Regardless of the fact that when I was twelve I decided on having three or four kids someday, I am now living my six-year-old dream: I have twelve kids sitting around my big, big table.

A La Mesa 
All of Familia Feliz I’m sure can hear when it’s meal time at Las Lilas: I yell at the top of my lungs, “Chicas a la mesaaaa!! A comerrrrrr!!” (“Girlies to the table!! To eat!!”)

The table in Las Lilas is outside in the back of our house in the covered kitchen. Hanging between the tables and the rainforest, under the thatch roof, partially blocking my view of the stunning mountains, are giant S-hooks holding giant bunches of bananas (also referred to as “guineos” or “plátanos”). To one end of the table is a partially-collapsing thatch wall with a laundry line hung inside, and beside that you can see four outdoor lines for sun-baking our hand-scrubbed ropa. The other end of the table is close to the propane stove (that has only two of four eyes working), which is next to the work table we burned a crescent moon in, both butted up against the back of the propane oven. Sitting on our table are fake roses in a jar of dirt which has molded after being lovingly watered by confused littles. There is also a container of spoons and another of forks. Our two tables are different widths, but at least they’re the same height. 

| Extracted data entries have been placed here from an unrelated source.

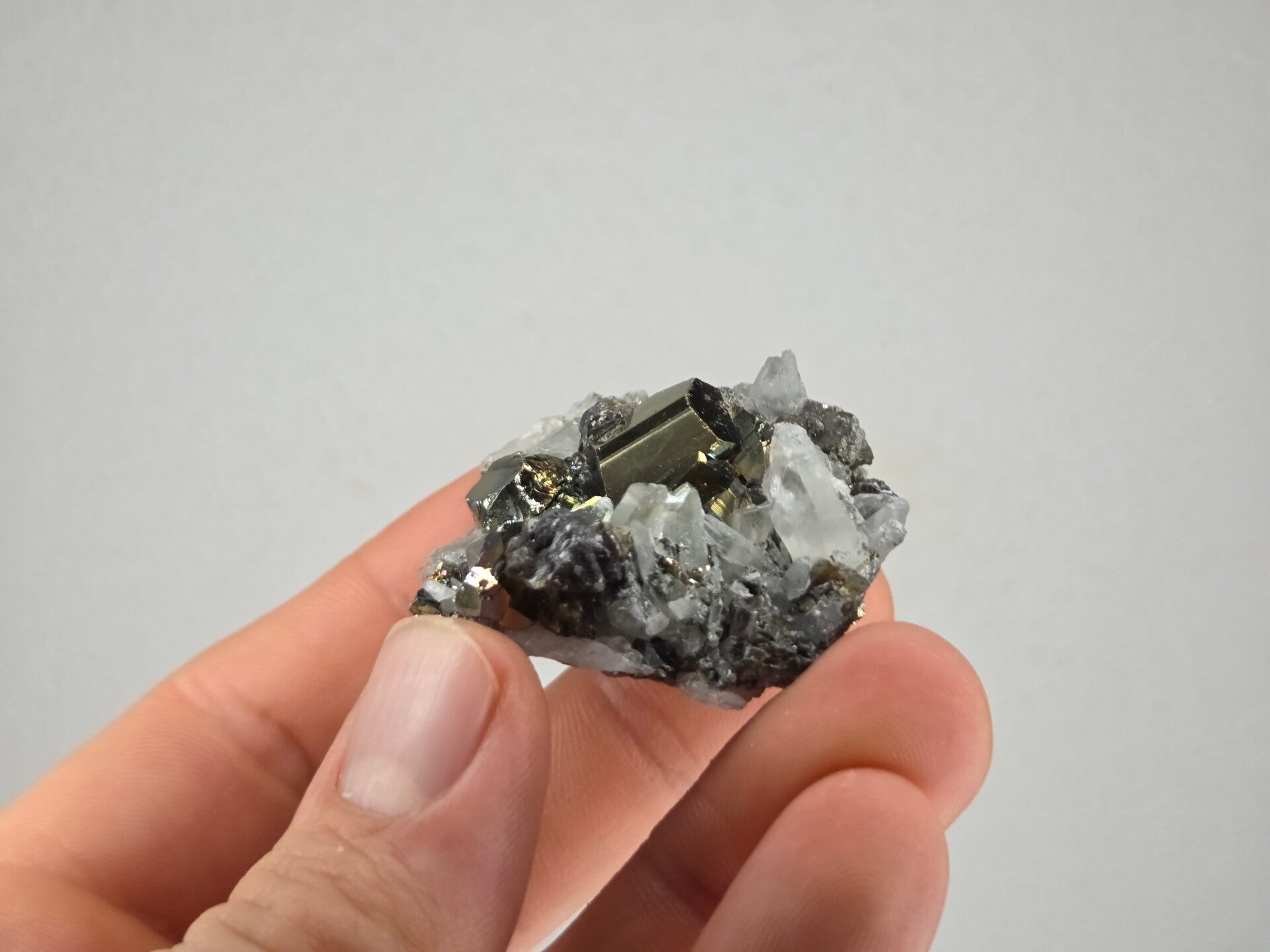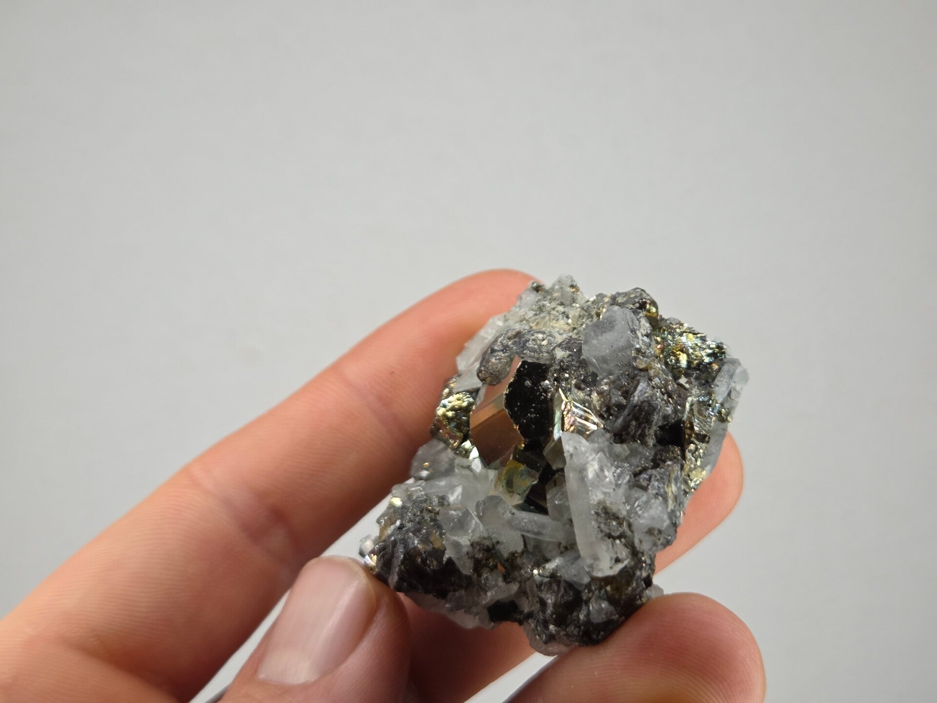 een stukje regenboog pyriet met kwarts uit de kalimantan mijn in borneo, indonesië van 4,3 cm bij 4,5 cm bij 2,1 cm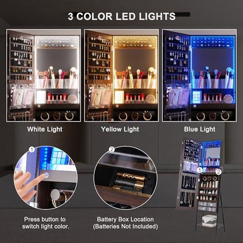 HNEBC RGB LED Mirror Jewelry Cabinet,Standing Jewelry Armoire Organizer Full Length Mirror with Storage, Lockable Jewelry Mirror for Women’s Christmas Gift, 14 Lighting Modes (RGB-Brown)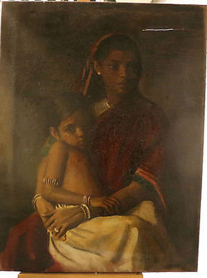 Avslutade auktioner liknande OIDENTIFIERAD KONSTNÄR. Olja på duk, Kvinna med barn, signerad.
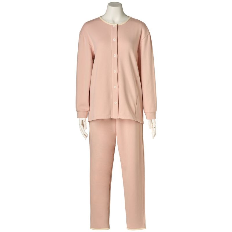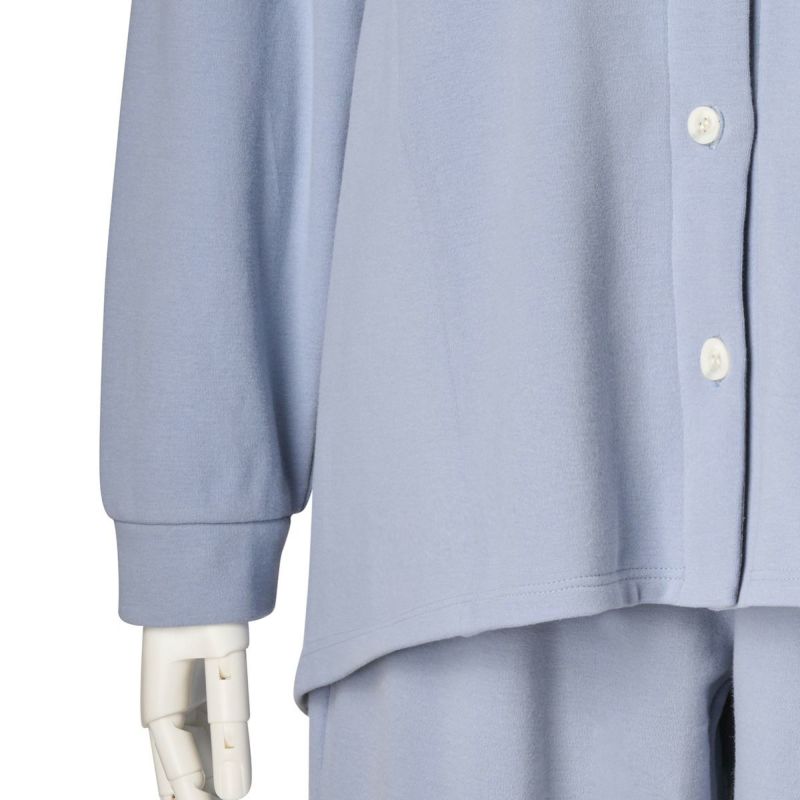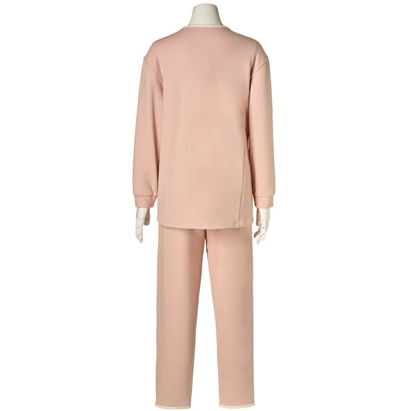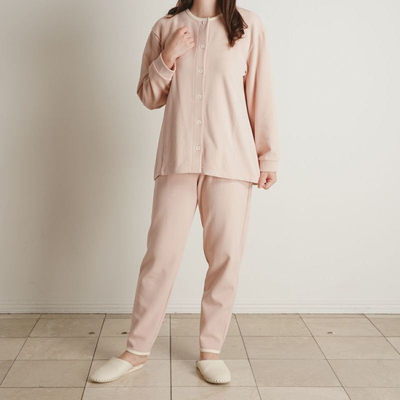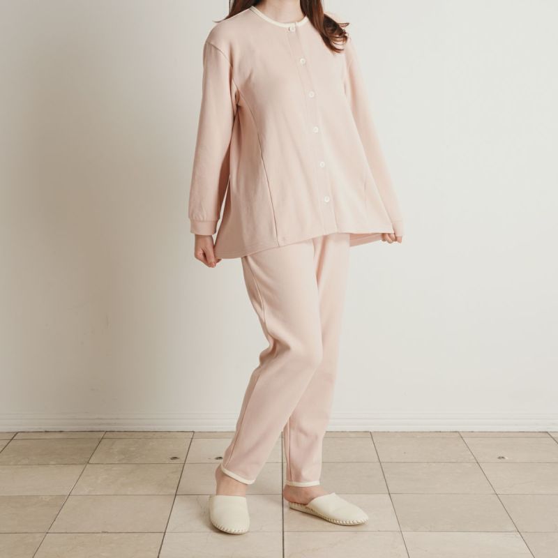 リラックスして着れるゆったりしたシルエット。襟元やポケット、裾に組み合わせた綿100%のワッフルがポイントに。トップスの裾はラウンドカーブでお腹、腰回りをカバー。パンツはウエスト紐付きで調整可能。裾はゴム入りなので就寝時にまくれ上がりずらい。

My table hosts a lot. And we do more than eat and prep food there. At this table, kids do homework on rare occasions. It’s where we sit to have worship in the mornings before breakfast and in the evenings after supper, crowding around my propped-against-the-spoons phone playing music videos. This table is my favorite place for devotional time when the girls are in school, the coolest place to sit in the afternoons for shade and a cross breeze. The table is where Brandy hacks away at the sugar cane she picked to munch on and where toronjas (pink grapefruit) are peeled ruthlessly. 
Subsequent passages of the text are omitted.